Small Wonders:

A couple of pleasant distractions

June 27, 2009|By Patrick Caneday

Daughter 1: Are you writing your article, Daddy?

Daddy: Trying to.

Daughter 2: What’s it about?

Daddy: I don’t know yet.

D1: Why not?

Daddy: I don’t know. I can’t think of anything to write about.

D2: Daddy, you should write about Nutty Boy.


Daddy: The squirrel in the backyard?

D2: Yeah.

Daddy: What should I say about him?

D2: That he likes nuts and eats all the sunflower seeds out of your birdseed.

Daddy: Hmmm. I’ll think about that.

D1: Daddy how do you spell “squirrel?”

Daddy: S-q-u-i-r-r-e-l

D2: Daddy, how do you spell “bird?”

Daddy: B-i-r-d

D1: Daddy, how do you spells “nuts?”

Daddy: D-a-u-g-h-t-e-r-s

D1: Nu-uh!

Daddy: OK, guys, I have to write, so why don’t you go play outside?

D1: I don’t want to.

D2: Can I sit on your lap?

Daddy: Really, guys, I have to come up with something to write about this week. Can I just have a little time to do this? It is a beautiful day outside.

D1: When’s mommy coming home?

Daddy: When’s Halley’s Comet due back?

D1: Huh?

Daddy: Soon, honey. Real soon.

D2: Daddy, can I work on the computer?

Daddy: No! Guys, I have to get something done here. Seriously.

D2: Buuut i reeellllyyyy wantt tu werk onnn thhe kummpewtr....

Daddy: STOP THAT! Don’t touch the keyboard when Daddy’s working. I mean it. Go outside.

D1: But I’m bored. I want you to come outside too.

Daddy: (help me, please help me, please please please help me . . . )

D2: Daddy, why are you whispering?

Daddy: I’m praying.

D1: Praying for what?

Daddy: Grace.

D2: You should write about God!

Daddy: Good idea. Now let me . . .

D1: Or Father’s Day.

Daddy: Done that.

D2: Write about your shoes!

Daddy: I am going to shoot myself.

D1: Daddy! That’s not nice.
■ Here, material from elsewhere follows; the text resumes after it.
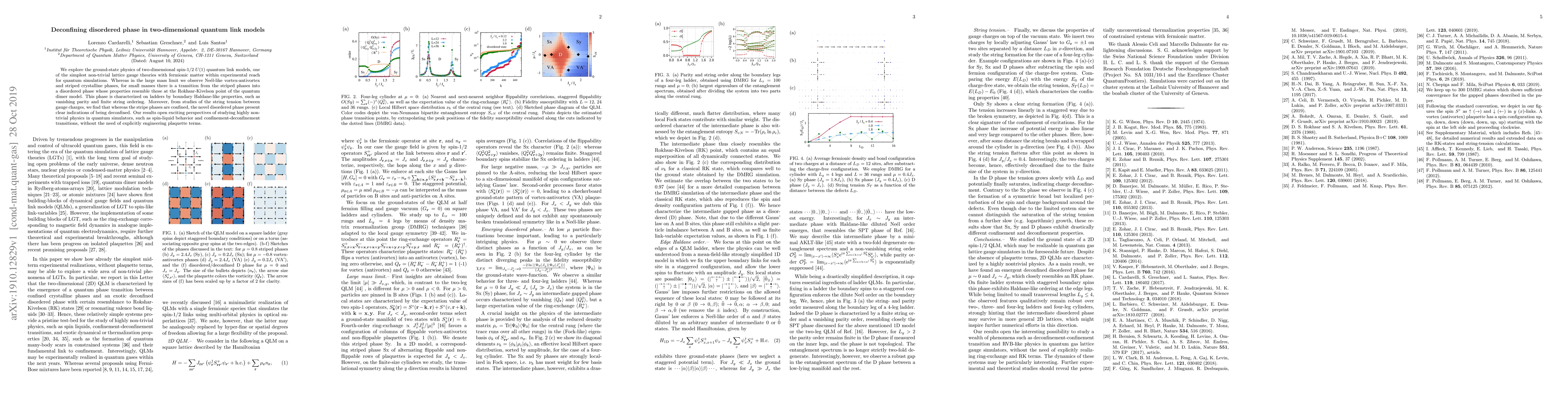 We explore the ground-state physics of two-dimensional spin-$1/2$ $U(1)$ quantum link models, one of the simplest non-trivial lattice gauge theories with fermionic matter within experimental reach for quantum simulations. Whereas in the large mass limit we observe Ne\'el-like vortex-antivortex and striped crystalline phases, for small masses there is a transition from the striped phases into a disordered phase whose properties resemble those at the Rokhsar-Kivelson point of the quantum dimer model. This phase is characterized on ladders by boundary Haldane-like properties, such as vanishing parity and finite string ordering. Moreover, from studies of the string tension between gauge charges, we find that whereas the stripe phases are confined, the novel disordered phase present clear indications of being deconfined. Our results open exciting perspectives of studying highly non-trivial physics in quantum simulators, such as spin-liquid behavior and confinement-deconfinement transitions, without the need of explicitly engineering plaquette terms.

Remember your house rule? “No being mean to yourself or others.” And shooting yourself is definitely being mean to yourself.
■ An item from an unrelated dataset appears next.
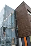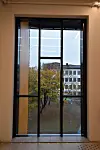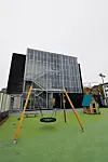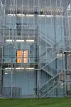 Næsje legger til at bygget innvendig skiller seg ut med mye bruk av glass.

Daddy: (sigh) Yes, that is my house rule.

D2: And “No choking.”

Daddy: Right, that’s my other rule. No choking allowed.
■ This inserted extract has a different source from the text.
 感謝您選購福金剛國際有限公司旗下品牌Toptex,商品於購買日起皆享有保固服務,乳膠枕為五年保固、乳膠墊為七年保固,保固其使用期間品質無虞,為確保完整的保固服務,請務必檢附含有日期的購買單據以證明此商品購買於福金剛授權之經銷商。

D1: But, Daddy, what if I can’t help it and something is just stuck in my throat?

Daddy: You’d be in big trouble, missy. That is definitely against the rules.

D2: Like “No throwing knives.”

Daddy: That’s more of a guideline than a rule. But yeah.

D2: Cuz you threw that knife that one time?

Daddy: Can we change the subject?

D1: I’m bored.

Daddy: Get your markers and do some coloring . . . outside.